*EXERCISE OBJECTIVE*
Every line below should come back exactly as written, though the pictures stay out.

*INFORMATION SUPPLIED*
********************
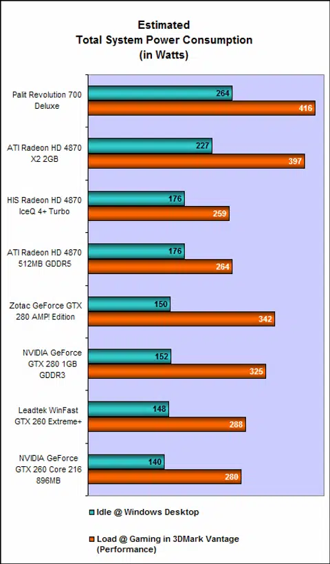 These cards are not going to win any green awards and it shows. None of the cards here managed to stand out and the lowest reading recorded was a still a considerable 259W at load. The highest, if you are wondering, goes to the Palit Revolution 700 Deluxe, which clocked an incredible 416W at load. The NVIDIA cards didn't do any better either, with the Zotac GeForce GTX 280 AMP! Edition and Leadtek WinFast GTX 260 Extreme+ managing 342W and 288W at load respectively. If it's any consolation, the NVIDIA cards recorded the lowest power draw at idle. Load power can't really be compared because each of them cater to different performance needs, but it does give you a good picture of the hidden costs of owning higher powered cards.
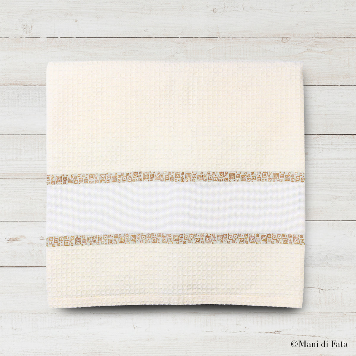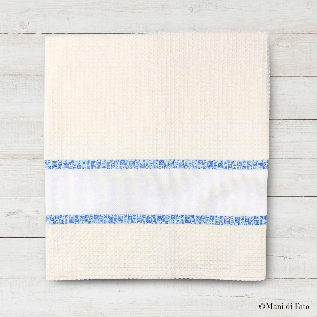 L’inserto in tela Aida intessuta è ideale per il ricamo a punto croce, permettendo di personalizzare il telo con iniziali o motivi decorativi.
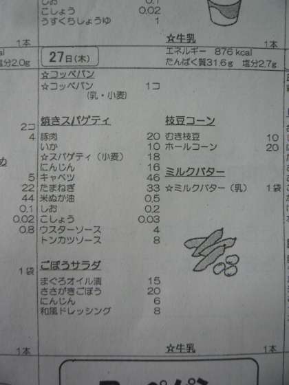 本日の献立は、コッペパン、焼きスパゲティ、ごぼうサラダ、枝豆コーン、ミルクバター、牛乳です。
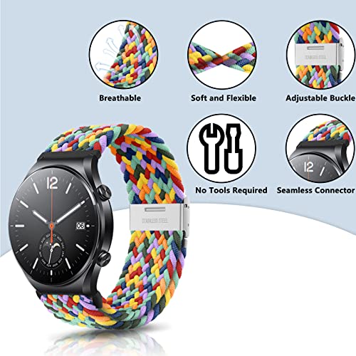 ZoRoll 22mm Cinturino per Xiaomi Watch S1 Pro/Watch S1/Watch S1 Active/Mi Watch, Nylon Intrecciato Regolabile Cinturino per Garmin Forerunner 265/Venu 2/Amazfit GTR 4/Galaxy Watch 3 45mm - Arcobaleno
********************
*REPLY TO THE TASK*
 These cards are not going to win any green awards and it shows. None of the cards here managed to stand out and the lowest reading recorded was a still a considerable 259W at load. The highest, if you are wondering, goes to the Palit Revolution 700 Deluxe, which clocked an incredible 416W at load. The NVIDIA cards didn't do any better either, with the Zotac GeForce GTX 280 AMP! Edition and Leadtek WinFast GTX 260 Extreme+ managing 342W and 288W at load respectively. If it's any consolation, the NVIDIA cards recorded the lowest power draw at idle. Load power can't really be compared because each of them cater to different performance needs, but it does give you a good picture of the hidden costs of owning higher powered cards.
 L’inserto in tela Aida intessuta è ideale per il ricamo a punto croce, permettendo di personalizzare il telo con iniziali o motivi decorativi.
 本日の献立は、コッペパン、焼きスパゲティ、ごぼうサラダ、枝豆コーン、ミルクバター、牛乳です。
 ZoRoll 22mm Cinturino per Xiaomi Watch S1 Pro/Watch S1/Watch S1 Active/Mi Watch, Nylon Intrecciato Regolabile Cinturino per Garmin Forerunner 265/Venu 2/Amazfit GTR 4/Galaxy Watch 3 45mm - Arcobaleno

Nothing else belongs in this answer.